Records excerpted from a collection
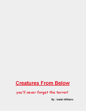 i'm a young author who lives kansas city that loves to write books.this book popped in my head from the videos and pictures about strange and mysterous creatures on youtube, so i grabed the creature and put it in my book "Creatures From Below." This book is not the only book i've wrote, i've wrote "Mysterous island," "Unknown planet," and "The Demon Inside." feel free to comment on my books telling if its boring, alright, and excellent.
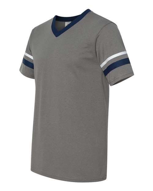 Augusta Sportswear V-Neck Jersey with Striped Sleeves 360 - Graphite/ Navy/ White
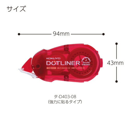 ●大量の書類も強力瞬間封とじ。反発に強い、強力タイプのドットライナー●粒状になったのりを使用したドットタイプのテープのり。糸ひきがなく、ピタッとキレイに塗れます。●テープ状ののりなので、ベタつかず、乾く時間を待たずに接着でき、手やまわりも汚しません。もちろん紙がシワにならず、仕上がりもキレイ!●先端にローラーを採用。軽い引き心地と確実なのり付けで、作業がスムーズに進みます。●写真や紙の変色の原因となる酸を抑えたのりを採用。スクラップブッキングにも最適です。●環境に配慮した非溶剤系のりを採用。ケースに再生樹脂を使用した、エコマーク取得商品です。●ポップアップ式でつめ替えが簡単。テープの長さはたっぷり16mで、最後まできっちり使えます。もちろんテープは交換式なのでとても経済的です。テープ寸法(幅・長さ):8.4mm・16m 仕様:瞬間強粘着・タ-DM403-08用 ●材質/つめ替えケース:R-PS ●ACID FREE●大量の書類も強力瞬間封とじ。反発に強い、強力タイプのドットライナー●粒状になったのりを使用したドットタイプのテープのり。糸ひきがなく、ピタッとキレイに塗れます。●テープ状ののりなので、ベタつかず、乾く時間を待たずに接着でき、手やまわりも汚しません。もちろん紙がシワにならず、仕上がりもキレイ!●先端にローラーを採用。軽い引き心地と確実なのり付けで、作業がスムーズに進みます。●写真や紙の変色の原因となる酸を抑えたのりを採用。スクラップブッキングにも最適です。●環境に配慮した非溶剤系のりを採用。ケースに再生樹脂を使用した、エコマーク取得商品です。●ポップアップ式でつめ替えが簡単。テープの長さはたっぷり16mで、最後まできっちり使えます。もちろんテープは交換式なのでとても経済的です。テープ寸法(幅・長さ):8.4mm・16m 仕様:瞬間強粘着・タ-DM403-08用 ●材質/つめ替えケース:R-PS ●ACID FREE
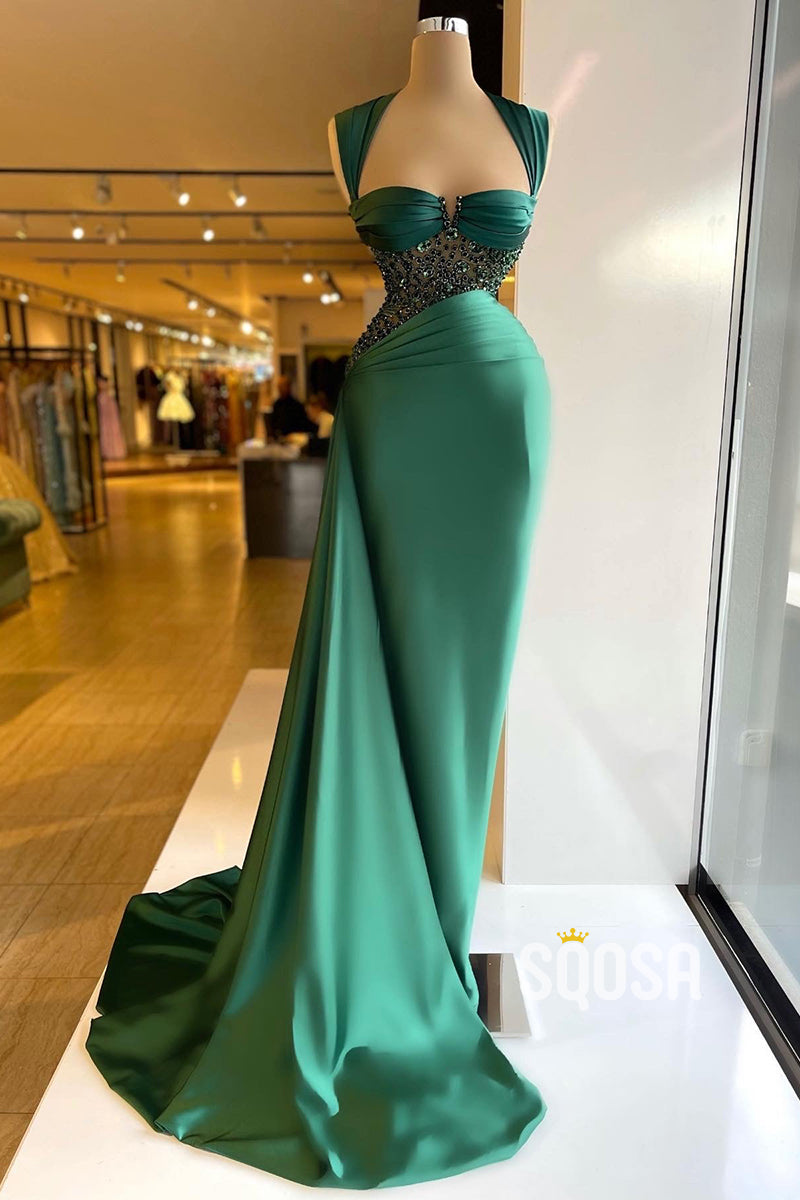 Chic & Modern Straps Green Beaded Pleats Prom Dress Evening Gown QP3128
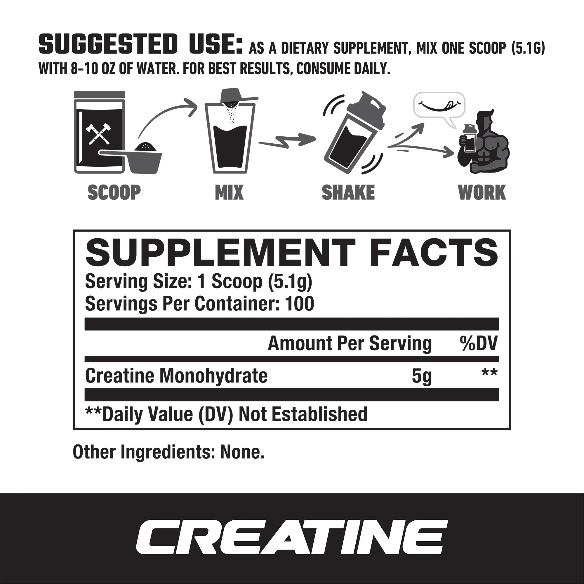 Axe & Sledge Creatine contains 100% pure creatine monohydrate, which just so happens to be the version of creatine with the most clinical-studies supporting all of these incredible benefits for athletes and lifters. Whether you're an elite athlete looking to optimize performance in your chosen sport, a regular gym goer looking to increase performance, increase strength, and build lean muscle, or a weekend warrior who wants to get the most of your training, Axe & Sledge Creatine is perfect for those looking to increase performance.
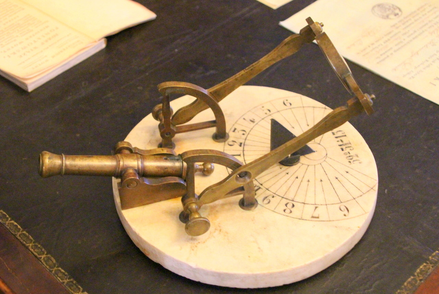 Na biurku księcia stoi zegar słoneczny – okrągły blat, lupa powiększająca i armata. Promień słoneczny przechodzący przez lupę zapalał lont armatni a ta wystrzałem oznajmiała godzinę.
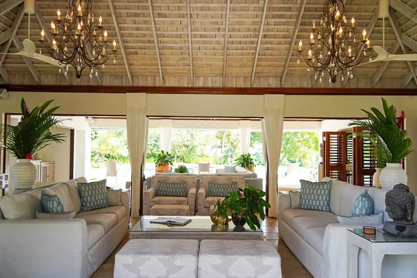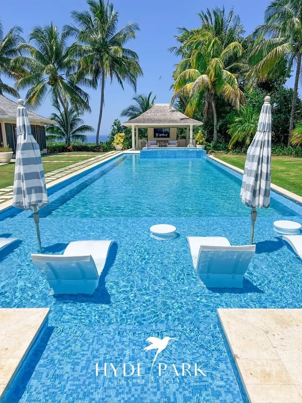 The Tryall Club requires all villa and condo guests to become members during their stay via a Temporary Membership Fee ($) (plus a 15% service charge). Children between the ages of 13 and 15 pay at a discounted rate (plus a 15% service charge). Guests can also pay per day, for guests ages 16 and older, who stay for one to four days. This can be either prepaid or upon arrival at the Club. For children 12 years of age and younger, our Temporary Memberships are complimentary. Please contact a Villa Specialist for exact pricing! With six bedrooms, two private pools, an entire staff, and expertly planned decor, Hyde Park Villa at The Tryall Club is the ideal Jamaican retreat. It’s the perfect spot to relax, enjoy the warmth of the Caribbean, and rekindle relationships with its exclusive, private, and fully equipped facilities. Boasting two stunning heated saltwater pools— a 50-foot lap pool with a 12-foot sun shelf and a second veranda pool— Hyde Park Villa is a dream for families, groups of friends, or corporate retreats. This villa offers ultimate privacy and relaxation and is set on 3.4 acres of lush gardens with breathtaking views of the mountains and sea. In collaboration with the owner, award-winning interior designer Marshall Erb turned Hyde Park Villa into a contemporary yet cozy haven. The home is elegant, cozy, and full of well-considered details. Its open, breezy design blends in perfectly with the Jamaican scenery and seamlessly connects the internal and outdoor spaces. The villa’s private layout includes six pavilions, with rooms like the Magnolia Suite— a two-story space with sweeping views— and the Hibiscus Suite, a 1,900 sq. ft. primary cottage. Guests can enjoy meals in the air-conditioned dining room or dine al fresco by the pool. Located within The Tryall Club, you’ll have access to the world-class golf course, tennis, private beaches, and more, all just a short golf cart ride away.
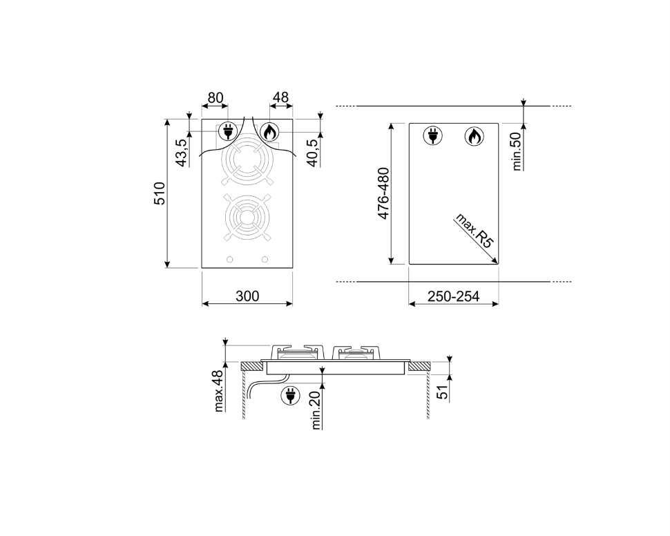 Газовая варочная панель, 30 cм, черная стеклокерамика
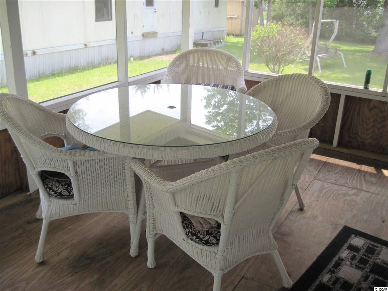3 BR 2 BA manufactured home in Captain's Cove MHP, a quiet community for folks 55 & older, located in Murrells Inlet, SC, approx. 15 miles South of Myrtle Beach, South Carolina. Community has a clubhouse & pool, and lots of activities for residents who wish to participate. Near Murrells Inlet's famous sound front restaurants & close to Huntington Beach (Oceanfront) State Park & beautiful Brookgreen Gardens. Also near lots of golf courses & many other types of entertainment. Only minutes from a modern hospital & doctors' offices. Very attractive home, vinyl siding, roof, heat & a/c, and screen porch all new in past few years. Also installed a large, extra tall storage building w/a metal roof in back of home, plus 2 new decks, one at each back door. Inside of home has a lot of upgrades as well, both baths remolded with newer sinks, newer vanities and a large walk-in shower in master bath, fresh paint thru-out, and a high end ceiling fan in great room. Also has ceiling fans each bed room. Home has a very usable floor plan, living room, sitting room, and dining area are in very open center of home, great for entertaining. Master bed room, and 2 guest bed rooms are at separate ends of home allowing for privacy when you have guests. This is a solid, great looking home inside and out, in a wonderful neighborhood. Call today, it won't last long.
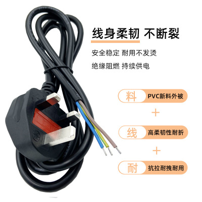 British three-core bare wire connection cord single-ended soldered with tin British standard UK plug cord BS British standard power cord
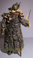 To be fair it is a fantastic sculpt by Pan Mak. Unlike any of the others in this line he is completely sculpted from the top most point of his tri-corner hat right down to the tip of his pointy crab leg. Because of the decision to make his attire out of rubber/silicone pretty much every element of this figure apart from his hessian sash is sculpted. This works fantastically for the look of the figure, and gives his outfit a kind of glossy, wet, translucence that adds to the authenticity of a cursed half fish man who lives most of his life beneath the waves. His coat and hat, well in fact pretty much all of him bar his face, crab leg and claw are adorned with all manner of fruits de la mer, like limpets, muscles, clams, cockles, barnacles, algae and seaweed, these are all sculpted to the usual HT standard- i.e. - very high, but more on his outfit later.
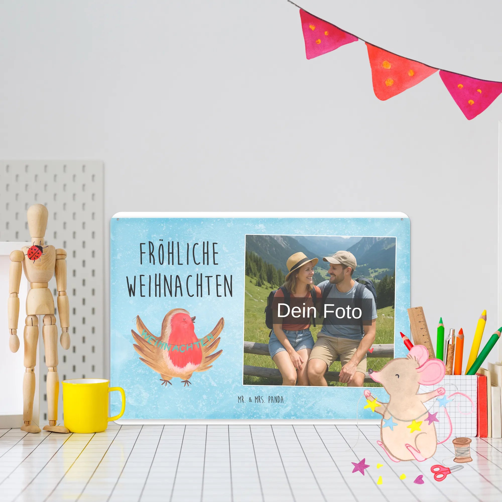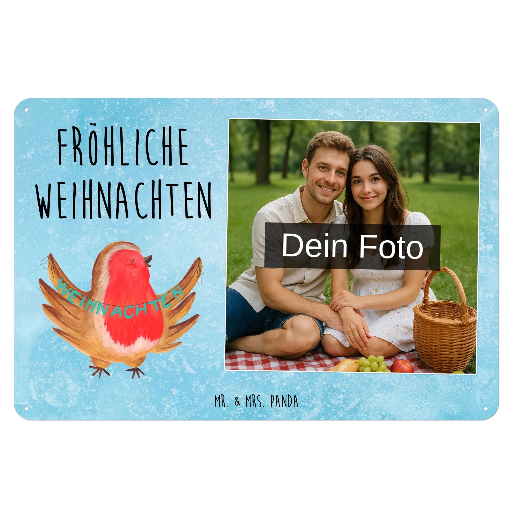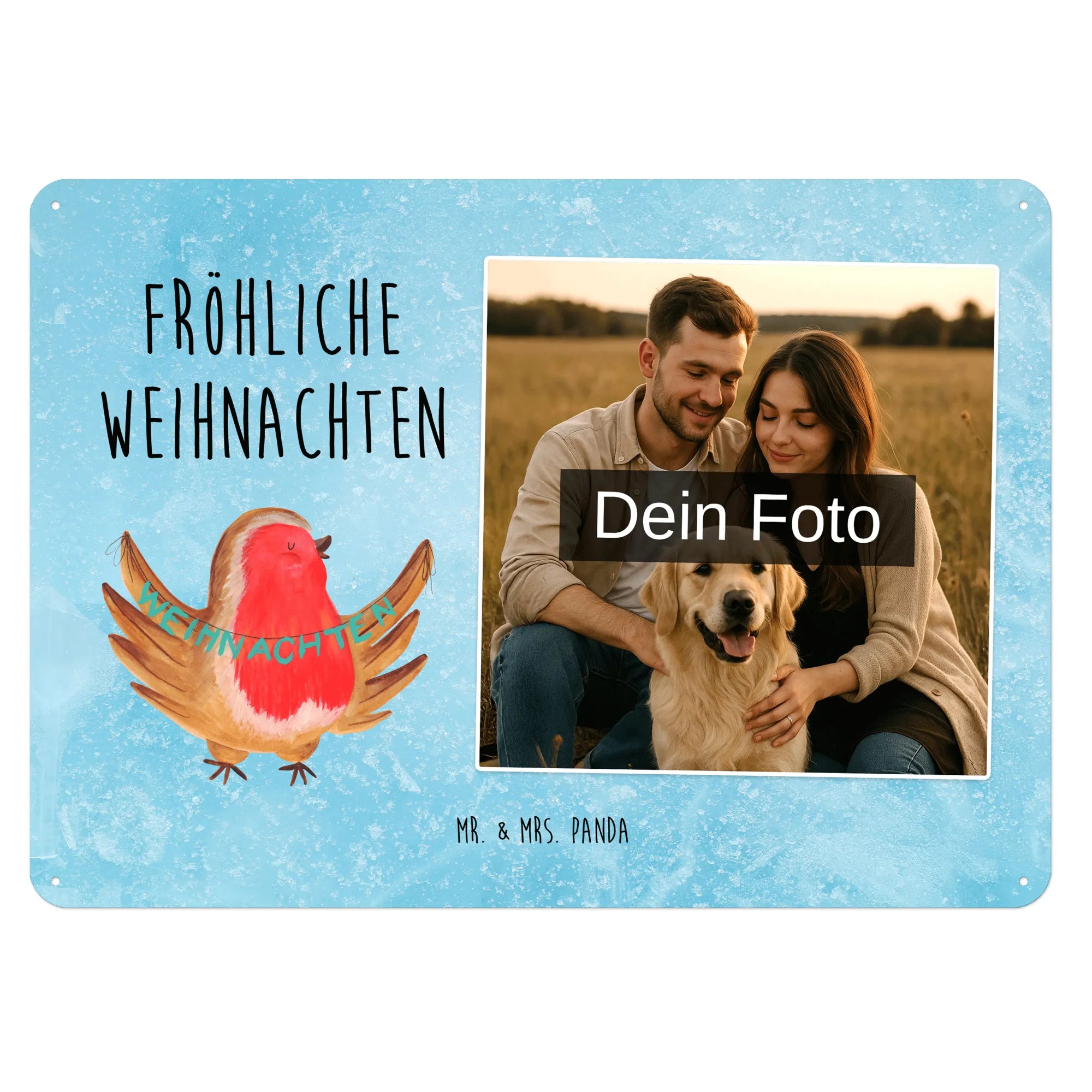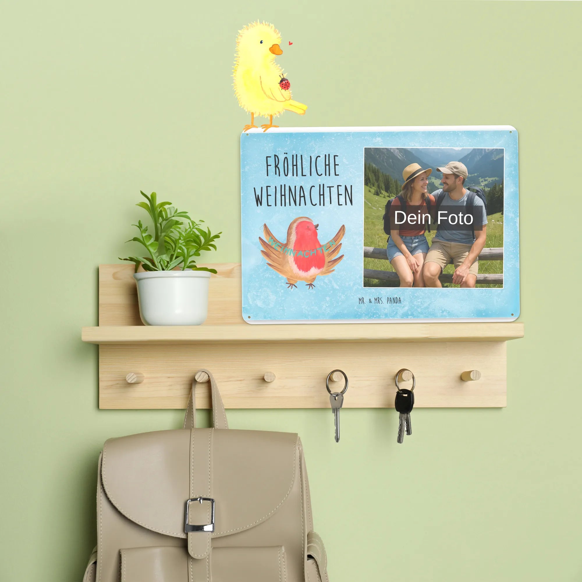 Spersonalizowany metalowy szyld ze zdjęciem rudzik Boże Narodzenie - DIN A6 - Tablica kredowa

▶ _WHAT YOU WILL DO_: Only the records are wanted, copied exactly, with the pictures dropped.

▶ _RESULT_:
 i'm a young author who lives kansas city that loves to write books.this book popped in my head from the videos and pictures about strange and mysterous creatures on youtube, so i grabed the creature and put it in my book "Creatures From Below." This book is not the only book i've wrote, i've wrote "Mysterous island," "Unknown planet," and "The Demon Inside." feel free to comment on my books telling if its boring, alright, and excellent.
 Augusta Sportswear V-Neck Jersey with Striped Sleeves 360 - Graphite/ Navy/ White
 ●大量の書類も強力瞬間封とじ。反発に強い、強力タイプのドットライナー●粒状になったのりを使用したドットタイプのテープのり。糸ひきがなく、ピタッとキレイに塗れます。●テープ状ののりなので、ベタつかず、乾く時間を待たずに接着でき、手やまわりも汚しません。もちろん紙がシワにならず、仕上がりもキレイ!●先端にローラーを採用。軽い引き心地と確実なのり付けで、作業がスムーズに進みます。●写真や紙の変色の原因となる酸を抑えたのりを採用。スクラップブッキングにも最適です。●環境に配慮した非溶剤系のりを採用。ケースに再生樹脂を使用した、エコマーク取得商品です。●ポップアップ式でつめ替えが簡単。テープの長さはたっぷり16mで、最後まできっちり使えます。もちろんテープは交換式なのでとても経済的です。テープ寸法(幅・長さ):8.4mm・16m 仕様:瞬間強粘着・タ-DM403-08用 ●材質/つめ替えケース:R-PS ●ACID FREE●大量の書類も強力瞬間封とじ。反発に強い、強力タイプのドットライナー●粒状になったのりを使用したドットタイプのテープのり。糸ひきがなく、ピタッとキレイに塗れます。●テープ状ののりなので、ベタつかず、乾く時間を待たずに接着でき、手やまわりも汚しません。もちろん紙がシワにならず、仕上がりもキレイ!●先端にローラーを採用。軽い引き心地と確実なのり付けで、作業がスムーズに進みます。●写真や紙の変色の原因となる酸を抑えたのりを採用。スクラップブッキングにも最適です。●環境に配慮した非溶剤系のりを採用。ケースに再生樹脂を使用した、エコマーク取得商品です。●ポップアップ式でつめ替えが簡単。テープの長さはたっぷり16mで、最後まできっちり使えます。もちろんテープは交換式なのでとても経済的です。テープ寸法(幅・長さ):8.4mm・16m 仕様:瞬間強粘着・タ-DM403-08用 ●材質/つめ替えケース:R-PS ●ACID FREE
 Chic & Modern Straps Green Beaded Pleats Prom Dress Evening Gown QP3128
 Axe & Sledge Creatine contains 100% pure creatine monohydrate, which just so happens to be the version of creatine with the most clinical-studies supporting all of these incredible benefits for athletes and lifters. Whether you're an elite athlete looking to optimize performance in your chosen sport, a regular gym goer looking to increase performance, increase strength, and build lean muscle, or a weekend warrior who wants to get the most of your training, Axe & Sledge Creatine is perfect for those looking to increase performance.
 Na biurku księcia stoi zegar słoneczny – okrągły blat, lupa powiększająca i armata. Promień słoneczny przechodzący przez lupę zapalał lont armatni a ta wystrzałem oznajmiała godzinę.
 The Tryall Club requires all villa and condo guests to become members during their stay via a Temporary Membership Fee ($) (plus a 15% service charge). Children between the ages of 13 and 15 pay at a discounted rate (plus a 15% service charge). Guests can also pay per day, for guests ages 16 and older, who stay for one to four days. This can be either prepaid or upon arrival at the Club. For children 12 years of age and younger, our Temporary Memberships are complimentary. Please contact a Villa Specialist for exact pricing! With six bedrooms, two private pools, an entire staff, and expertly planned decor, Hyde Park Villa at The Tryall Club is the ideal Jamaican retreat. It’s the perfect spot to relax, enjoy the warmth of the Caribbean, and rekindle relationships with its exclusive, private, and fully equipped facilities. Boasting two stunning heated saltwater pools— a 50-foot lap pool with a 12-foot sun shelf and a second veranda pool— Hyde Park Villa is a dream for families, groups of friends, or corporate retreats. This villa offers ultimate privacy and relaxation and is set on 3.4 acres of lush gardens with breathtaking views of the mountains and sea. In collaboration with the owner, award-winning interior designer Marshall Erb turned Hyde Park Villa into a contemporary yet cozy haven. The home is elegant, cozy, and full of well-considered details. Its open, breezy design blends in perfectly with the Jamaican scenery and seamlessly connects the internal and outdoor spaces. The villa’s private layout includes six pavilions, with rooms like the Magnolia Suite— a two-story space with sweeping views— and the Hibiscus Suite, a 1,900 sq. ft. primary cottage. Guests can enjoy meals in the air-conditioned dining room or dine al fresco by the pool. Located within The Tryall Club, you’ll have access to the world-class golf course, tennis, private beaches, and more, all just a short golf cart ride away.
 Газовая варочная панель, 30 cм, черная стеклокерамика
3 BR 2 BA manufactured home in Captain's Cove MHP, a quiet community for folks 55 & older, located in Murrells Inlet, SC, approx. 15 miles South of Myrtle Beach, South Carolina. Community has a clubhouse & pool, and lots of activities for residents who wish to participate. Near Murrells Inlet's famous sound front restaurants & close to Huntington Beach (Oceanfront) State Park & beautiful Brookgreen Gardens. Also near lots of golf courses & many other types of entertainment. Only minutes from a modern hospital & doctors' offices. Very attractive home, vinyl siding, roof, heat & a/c, and screen porch all new in past few years. Also installed a large, extra tall storage building w/a metal roof in back of home, plus 2 new decks, one at each back door. Inside of home has a lot of upgrades as well, both baths remolded with newer sinks, newer vanities and a large walk-in shower in master bath, fresh paint thru-out, and a high end ceiling fan in great room. Also has ceiling fans each bed room. Home has a very usable floor plan, living room, sitting room, and dining area are in very open center of home, great for entertaining. Master bed room, and 2 guest bed rooms are at separate ends of home allowing for privacy when you have guests. This is a solid, great looking home inside and out, in a wonderful neighborhood. Call today, it won't last long.
 British three-core bare wire connection cord single-ended soldered with tin British standard UK plug cord BS British standard power cord
 To be fair it is a fantastic sculpt by Pan Mak. Unlike any of the others in this line he is completely sculpted from the top most point of his tri-corner hat right down to the tip of his pointy crab leg. Because of the decision to make his attire out of rubber/silicone pretty much every element of this figure apart from his hessian sash is sculpted. This works fantastically for the look of the figure, and gives his outfit a kind of glossy, wet, translucence that adds to the authenticity of a cursed half fish man who lives most of his life beneath the waves. His coat and hat, well in fact pretty much all of him bar his face, crab leg and claw are adorned with all manner of fruits de la mer, like limpets, muscles, clams, cockles, barnacles, algae and seaweed, these are all sculpted to the usual HT standard- i.e. - very high, but more on his outfit later.
 Spersonalizowany metalowy szyld ze zdjęciem rudzik Boże Narodzenie - DIN A6 - Tablica kredowa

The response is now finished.